It wasn't until after they ran off that I was deeply scared about what had happened. In the moment I felt calm and knew if I just gave them what I wanted I'd be okay. I thank God for His hand of protection over me that kept me calm and safe.  

Although this was a very traumatic experience that will affect me for a while longer, I refuse to be defeated by this. My God will always have the victory! As I sat home on Sunday night, grading the mountain of exams that were in the bag the robbers didn't steal, I began to see the results of all my hard work teaching English these last few months.
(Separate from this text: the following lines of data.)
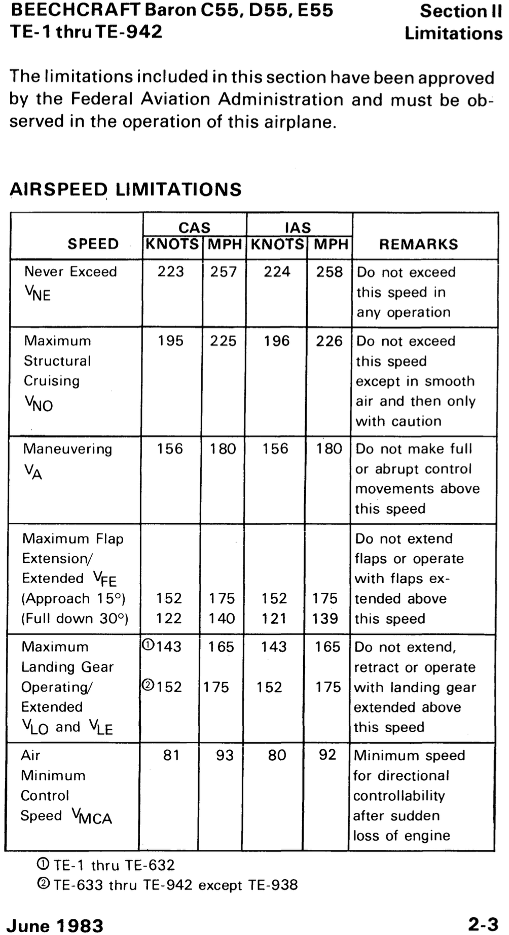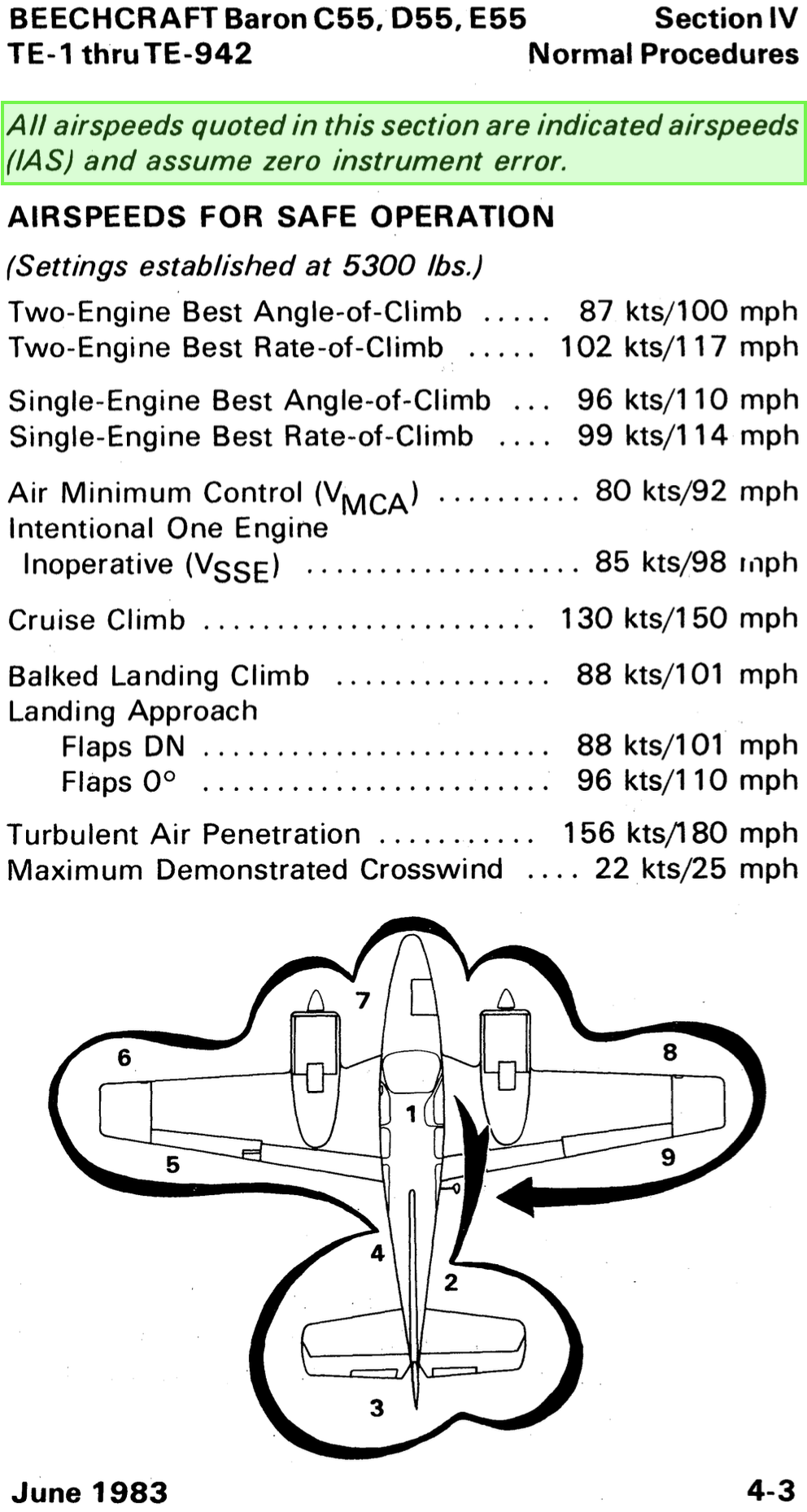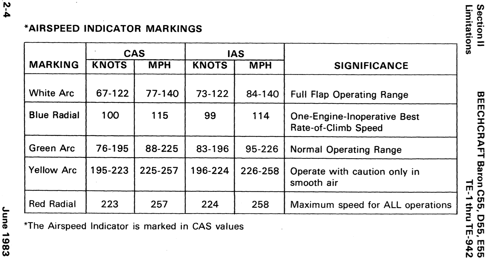 E55 Baron (N3622A) airspeed note: all airspeeds in IAS unless otherwise noted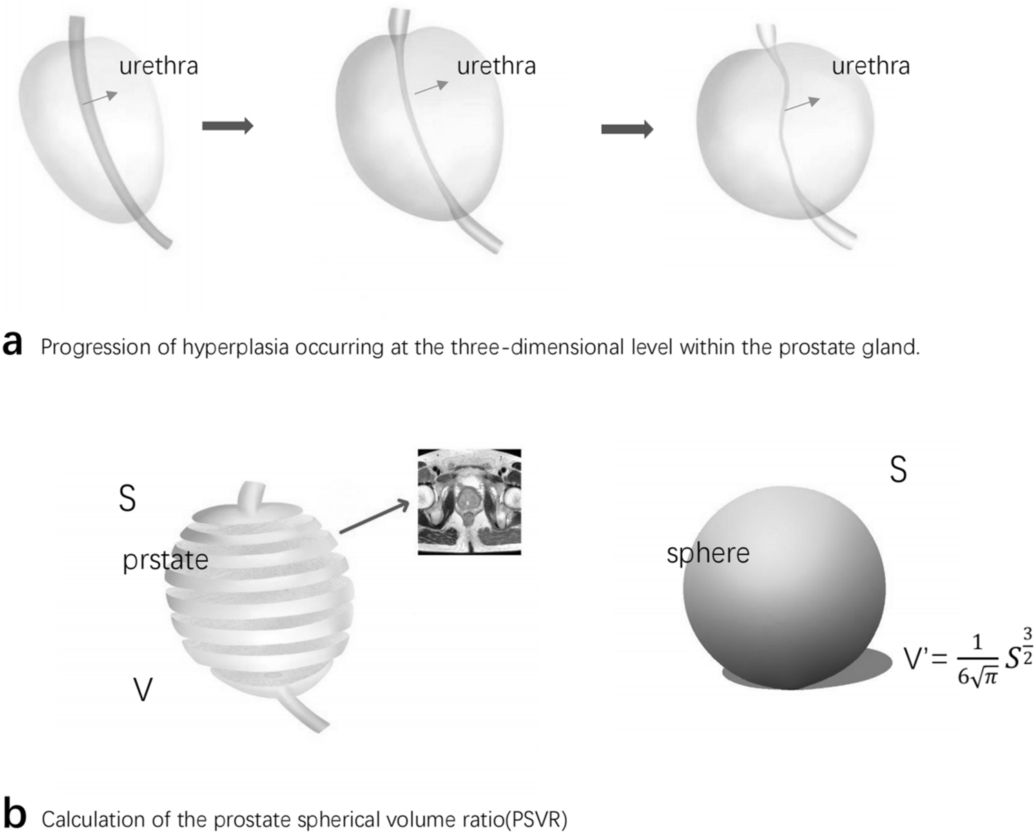 Progression of hyperplasia occurring at the three-dimensional level within the prostate gland and Calculation of the prostate spherical volume ratio(PSVR) a shows that with prostatic hyperplasia, the prostate morphology approximates a spherical shape and the urethra is compressed and thinned and delayed, leading to LUTS. b We constructed the prostate morphology from the magnetic resonance T2-weighted cross-sectional images by three-dimensional modeling and calculated the surface area (S) and volume (V) of the prostate.The volume (V') was calculated from the sphere with the same surface area (S).According to the equation of surface area and volume of a sphere \(V^{\prime } = \frac{1}{{6\sqrt {\uppi } }}{{S^{3/2} }}\) PSVR = V/V’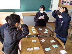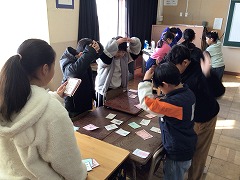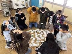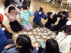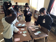 国語の時間には、冬の楽しさを知らせるかるたを作りました。

Third graders drawing objects in a house according to instructions in English, fourth graders writing what they want to be when they grow up, and fifth graders combining various skills in order to change singular sentences to plural. And most important of all, every student answering the bonus point question, completing our theme verse this year NOTHING IS IMPOSSIBLE FOR GOD! Luke 1:37

And that's just it, NOTHING is impossible for God! I believe this with my whole heart, that nothing in my life is too much or too big for my God to handle. I've faced many obstacles and challenges this year, but I must always keep my eyes on Him and remember that He is bigger than all of it. And I encourage you to do the same today. 
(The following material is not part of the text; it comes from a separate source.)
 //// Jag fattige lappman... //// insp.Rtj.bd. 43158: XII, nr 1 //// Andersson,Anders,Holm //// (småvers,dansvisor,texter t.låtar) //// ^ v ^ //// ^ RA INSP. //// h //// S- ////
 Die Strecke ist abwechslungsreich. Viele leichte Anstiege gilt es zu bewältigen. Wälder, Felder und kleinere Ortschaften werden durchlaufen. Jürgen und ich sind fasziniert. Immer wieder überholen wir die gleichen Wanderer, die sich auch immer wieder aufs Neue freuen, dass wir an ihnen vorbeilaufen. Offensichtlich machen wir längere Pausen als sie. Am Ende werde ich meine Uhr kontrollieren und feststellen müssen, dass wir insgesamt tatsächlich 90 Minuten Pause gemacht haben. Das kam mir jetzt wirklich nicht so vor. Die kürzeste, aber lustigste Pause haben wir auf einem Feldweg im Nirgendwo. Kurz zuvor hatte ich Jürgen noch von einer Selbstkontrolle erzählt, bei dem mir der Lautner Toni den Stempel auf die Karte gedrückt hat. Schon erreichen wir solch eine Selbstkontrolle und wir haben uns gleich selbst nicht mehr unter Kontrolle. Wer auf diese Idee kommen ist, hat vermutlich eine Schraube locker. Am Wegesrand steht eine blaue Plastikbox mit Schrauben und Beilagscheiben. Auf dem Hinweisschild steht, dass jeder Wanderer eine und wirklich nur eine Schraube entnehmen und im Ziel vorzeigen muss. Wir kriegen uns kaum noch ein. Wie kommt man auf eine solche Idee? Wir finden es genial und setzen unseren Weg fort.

Whatever you are facing, whether it's daily stresses or recovering from a robbery, just remember that Nothing is Impossible for God, and that He will bring you through. 

Blessings to all of you,
Cassidy


I am still in URGENT need of funds to keep me here the rest of the year, please consider making a donation by visiting www.uwm.org/give

Monday, June 8, 2015

I need your help! - June 8th Update

Hello everyone!

Paraguay is heading into wintertime which means temps are cooling down and we're finishing up the first semester here at New Horizon. All of us teachers are busy preparing final exams and grading papers, and our students are studying hard.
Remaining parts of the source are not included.